Although Melissa Tapper lost to Brazil's Caroline Kumahara in the preliminary round of women's single's table tennis in Rio on Aug. 6, she knew her Olympic journey was just beginning.
"This is quite a sweet moment actually," Tapper told the Sydney Morning Herald. "When I turn up for the Paralympics, I'm going to fight just as hard as I did in that last match."
Starting Sept. 8, fans can witness Tapper make history when she becomes the only Australian athlete ever to compete in both the Olympic and Paralympic Summer Games.
"To know I'm competing at the top level of my sport in both Games is really exciting," Tapper, 26, tells WHO. "I set goals and I achieved them."
For Tapper, raised in Hamilton, Victoria, complications during her birth led to lasting nerve damage in the form of Erb's palsy, a paralysis of her right arm. "I have movement in that arm," she explains, "but not anywhere near my left."
The condition didn't make Tapper any less active. Growing up, she played "everything," she says, including basketball and netball.
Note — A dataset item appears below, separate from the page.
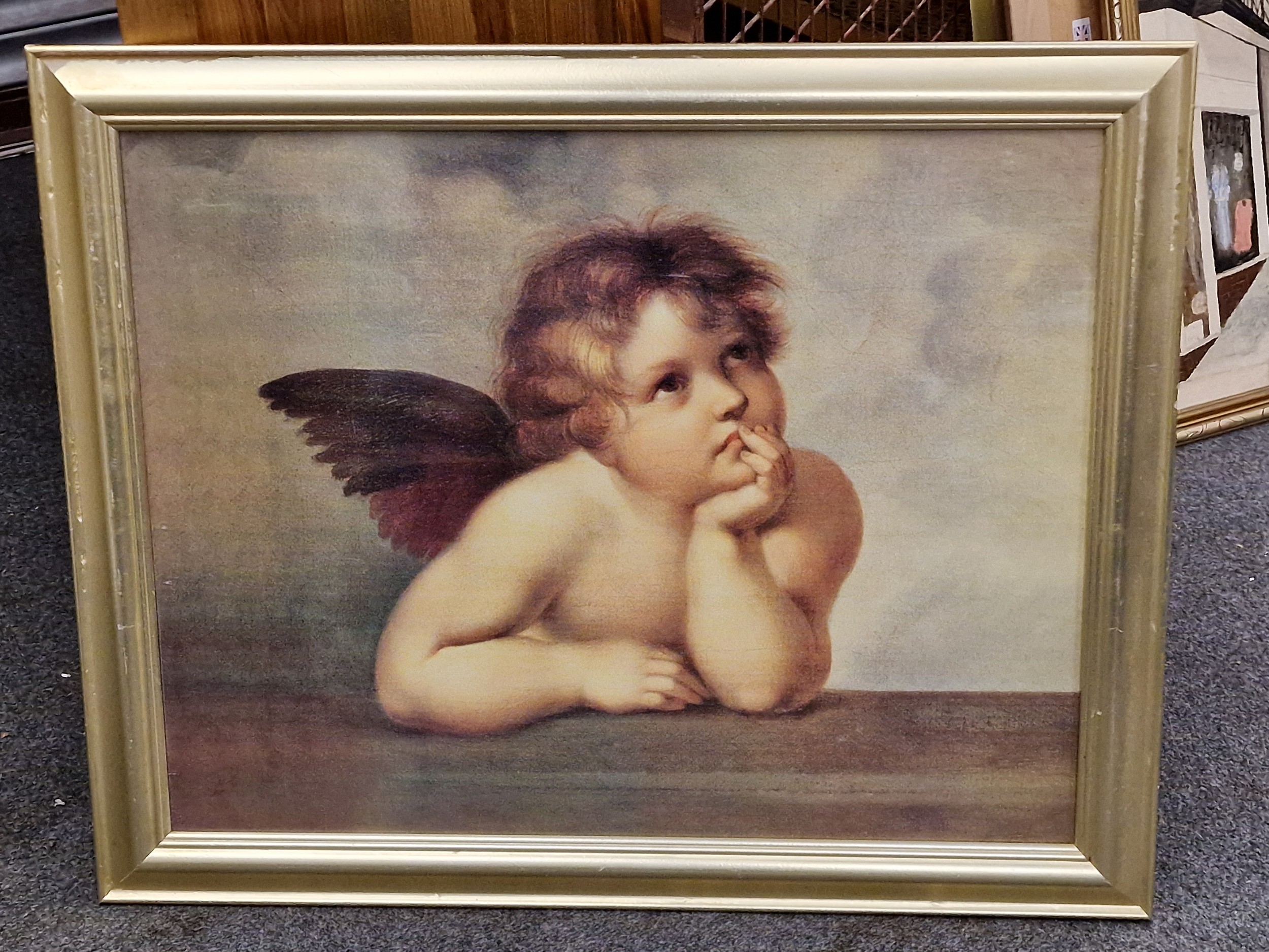 82 x 67 cm large framed cherub print after original painting by RAPHAEL

By 8, she fell in love with table tennis and in 2011 attained a world No. 1 ranking as a para player. In 2014, in able-bodied play, she led Australia to a team bronze at the 2014 Commonwealth Games.
Now she's ready to reach the pinnacle of her sport. "I would love to gold at the Paralympics," Tapper says. "Gold is what I want to achieve. If you aim for the top, you're in a better position from the start."